Abstract

The relationship between chronic kidney disease (CKD) and increasing rates of cardiovascular disease and mortality is complex, but is important due to the massive increased risk of cardiovascular events noted in CKD patients. Macrophages have critical roles in kidney and cardiovascular disease. However, since a deeper understanding of macrophage ontogeny and heterogeneity, we wanted to revisit the role of cardiovascular macrophages during CKD.

Using the folate induced nephropathy and 5/6 nephrectomy mouse models of CKD, we have new exciting data showing that during CKD, independent of atherosclerosis, inflammatory macrophages are infiltrating cardiac tissue. Using flow cytometry, RNA profiling, histology and ultrasound, we analysed the phenotype and function of the heart and immune cell infiltrate during CKD.

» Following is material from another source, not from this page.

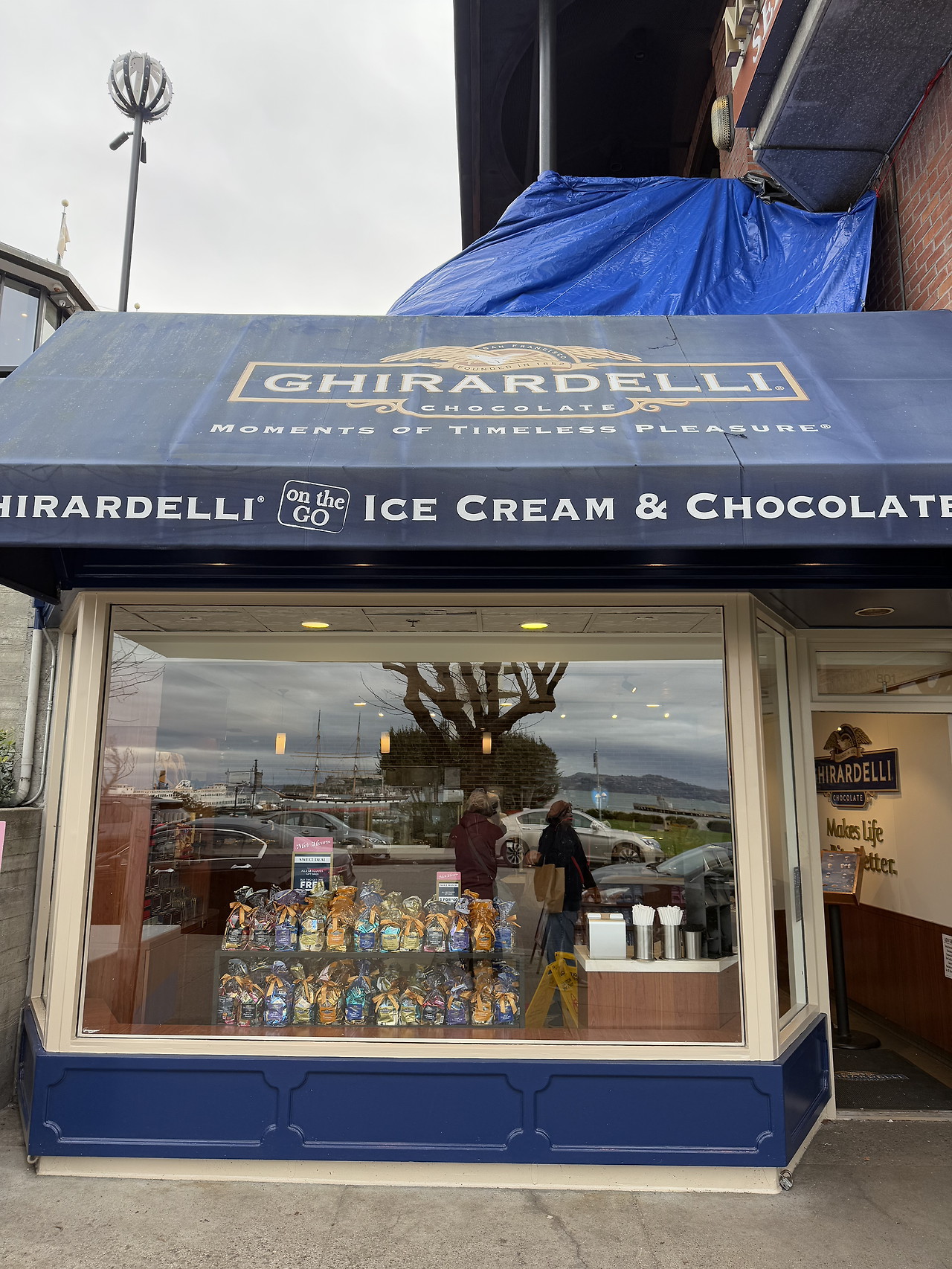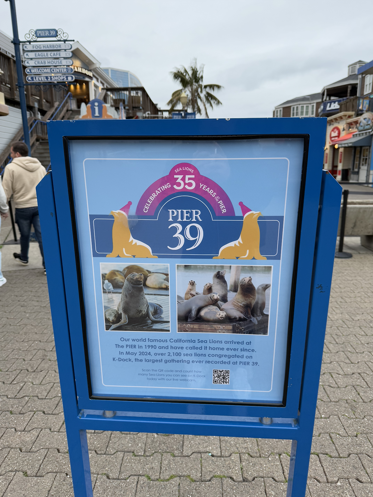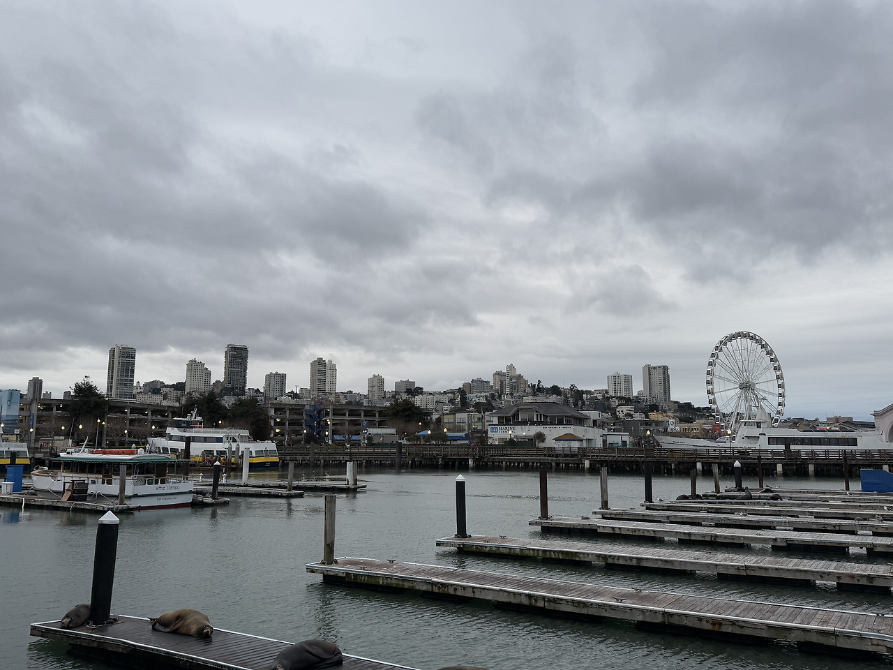 짧은 구경을 마치고 금문교가 보이는 마리나그린이라는 곳으로 갔다. 흐린 날씨 탓에 금문교는 을씨년스럽기 그지없었다. 우버를 타고 샌프란의 명물인 기라델리 초콜릿 샵에서 내리고는 잠깐 커피를 마시며 쉬었다. 샌프란엔 여러 Pier들이 있는데, 그중에 특히 Pier39가 유명하다. 바다사자들이 데크에 머물며 휴식을 취하고 있는 것도 매우 귀여웠다. 여기만 유독 유명해진 이유에 대해 나는 우연히 그랬을 것이라는 의견을, 아내는 여기가 아마 유동인구가 가장 많았던 항구가 아니었을까 하는 추측을 내놓았다.

After 12 weeks of CKD, CD11b^posF480^posCD169^neg monocyte derived macrophages infiltrate heart tissue in large numbers. This is only evident in cardiovascular tissue, with no systemic infiltrate in lungs, spleen, kidney or liver. Interestingly, we also noted an increase in cardiac CD19^pos B-cell and Gr1^pos neutrophil infiltrate over the course of CKD. The cellular infiltrate was associated with an increase in cardiac fibrosis markers and decrease in heart function, as shown by decreased ejection fraction. Measuring specific chemokine expression in heart and plasma identified a unique chemokine axis, which may be regulating macrophage and other immune cell recruitment to heart tissue during CKD. Moreover, we confirmed the ontogeny of these cardiac macrophages through Ly6C^high monocyte lineages using CCR2 deficient mice, which improved cardiac function.

This work uncovers a unique pathway that mediates inflammatory monocyte derived macrophage infiltration in the heart during CKD. More work is now being performed to confirm mechanisms and cardiovascular phenotype in our CKD models. Ultimately these studies may identify new therapeutic targets for CKD patients, to reduce their cardiovascular risk.